Para a investigadora não se pode afirmar, à partida, que os independentes são mais adequados a um cargo governativo do que aqueles que têm cartão do partido. A questão põe-se mais num plano da "ética, de transparência e isso é transversal" aos dois perfis. Mas é precisamente isso que tem faltado: "Há alguma incapacidade de as pessoas distinguirem o que é serviço público, o que é transparência das decisões, prestação de contas".

Já Adelino Maltez confessa-se "pessimista" e fala numa situação que se assemelha ao "pior de uma caricatura política do século XIX" - "Se calhar precisamos de estudar melhor o Camilo Castelo Branco".

"Entrámos em desleixo de regime e isto é péssimo", sustenta o politólogo, que aponta o dedo a uma "oligarquia política" que vive em "círculos concêntricos de subida" aos cargos de poder. "Há uma carreira nova em Portugal, que é começar como assessor, passar para adjunto, transformar-se em chefe de gabinete, subir a secretário de Estado. É o chamado funil da partidocracia dos partidos dominantes. Há aqui uma degradação no recrutamento político", sustenta Adelino Maltez, lembrando o que "aconteceu em alguns países onde o povo, a certa altura, varreu todos os partidos dominantes".

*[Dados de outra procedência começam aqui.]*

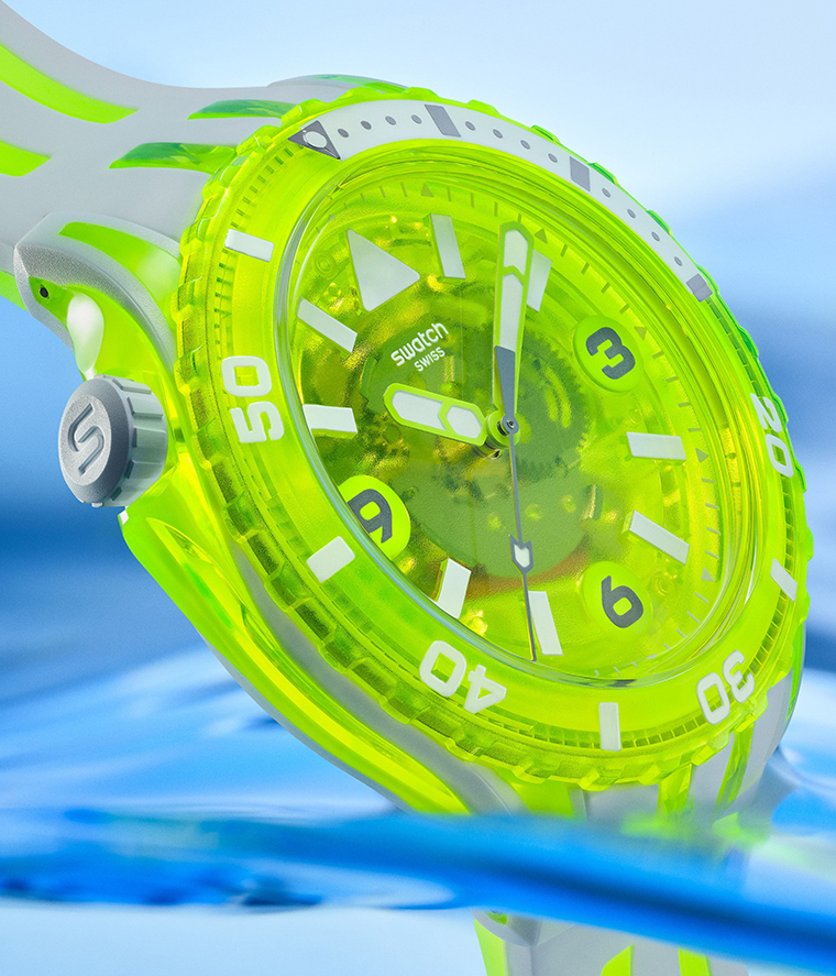 ไม่ว่าคุณจะเล่นเซิร์ฟหรือเดินเล่นในเมือง นาฬิกาเหล่านี้ก็จะโดดเด่นไม่เหมือนใคร เม็ดมะยมตรงตำแหน่ง 10 นาฬิกาช่วยเพิ่มความปลอดภัยในการสวมใส่ และยังเป็นดีเทลที่เป็นเอกลักษณ์ของรุ่นนี้ ส่วนดีเทลเรื่องแสงในที่มืด ทำให้มั่นใจได้ว่าสามารถอ่านเวลาได้ง่ายในทุกสภาพแสง หน้าปัดและตัวเรือนสีโปร่งใสขนาด 44 มม. พร้อมลายนาฬิกาที่มีสัมผัสนุ่มเรียบเนียนในสีสันที่แตกต่างกันทั้ง 5 สี ไม่ว่าจะเป็นสีดำ สีขาว สีฟ้า สีแดง และสีเหลือง โดยนาฬิกาแต่ละเรือนในคอลเลกชัน Swatch SCUBAQUA ได้รับแรงบันดาลใจและตั้งชื่อตามแมงกะพรุนสายพันธุ์ที่น่าอัศจรรย์ที่สุดในโลก
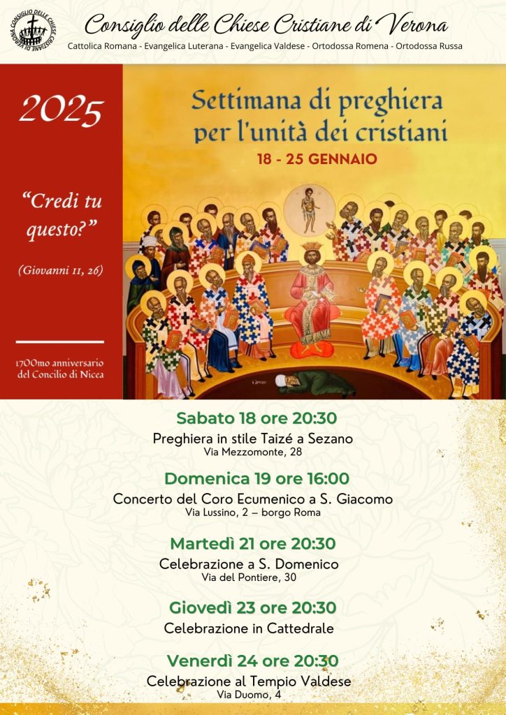 Il Consiglio delle Chiese cristiane di Verona (cattolica romana – evangelica luterana – evangelica valdese – ortodossa romena – ortodossa russa) ha predisposto questa serie di appuntamenti aperti a tutti:

"Foi o que fizeram grandes democracias, ficaram fartos e reduziram grandes partidos a ultra minoritários. O eleitorado português nunca ameaçou o sistema e tem de ameaçar, os grandes partidos deviam ter medo de ser derrotados numas eleições. Os partidos funcionam melhor quando têm medo da opinião pública", sustenta, defendendo que a "ética republicana" tem de ser um "sustentáculo" da vida política e que a sucessão de casos que tem acontecido "torna inevitável outro recrutamento político".

Deste ponto vai um passo às críticas a António Costa pela solução que avançou na Assembleia da República, onde afirmou que iria propor ao Presidente da República a criação de um circuito para "garantir maior transparência e confiança de todos no momento da nomeação".

"Depois do navio meter água vai combinar com o Presidente da República como fazer um recrutamento melhor?", questiona Adelino Maltez, classificando a proposta do primeiro-ministro como um "exercício de demagogia".

Paula do Espírito Santo chama-lhe uma solução... "criativa": "Está a colocar o ónus da seleção e do escrutínio dos novos membros do Governo no Presidente da República. É discutível, até no plano do Direito e da configuração do nosso regime político, que é semipresidencialista".

Já Viriato Soromenho-Marques diz que o cenário que António Costa colocou em cima da mesa é "inaceitável". "Não faz nenhum sentido, é uma forma de desresponsabilização e de tentar tornar o Presidente cúmplice".

"A continuar, vamos mesmo ter eleições antecipadas"

Para Soromenho-Marques o que se passa com o atual Executivo "é uma situação semelhante, nos aspetos mais caricatos" ao que se passou em 2004 com o governo de Pedro Santana Lopes, que acabaria afastado por Jorge Sampaio. Um desfecho que não afasta no futuro: "A continuar assim, vamos mesmo ter eleições antecipadas. Mesmo sem saber quando, vamos ter".

Mas este é um cenário que deixa o país perante uma "situação dramática": "Não há alternativa a este governo. Neste momento não há nenhuma garantia de que, num cenário de eleições antecipadas, conseguíssemos uma solução sólida de governo. E o Presidente da República foi claríssimo nisso".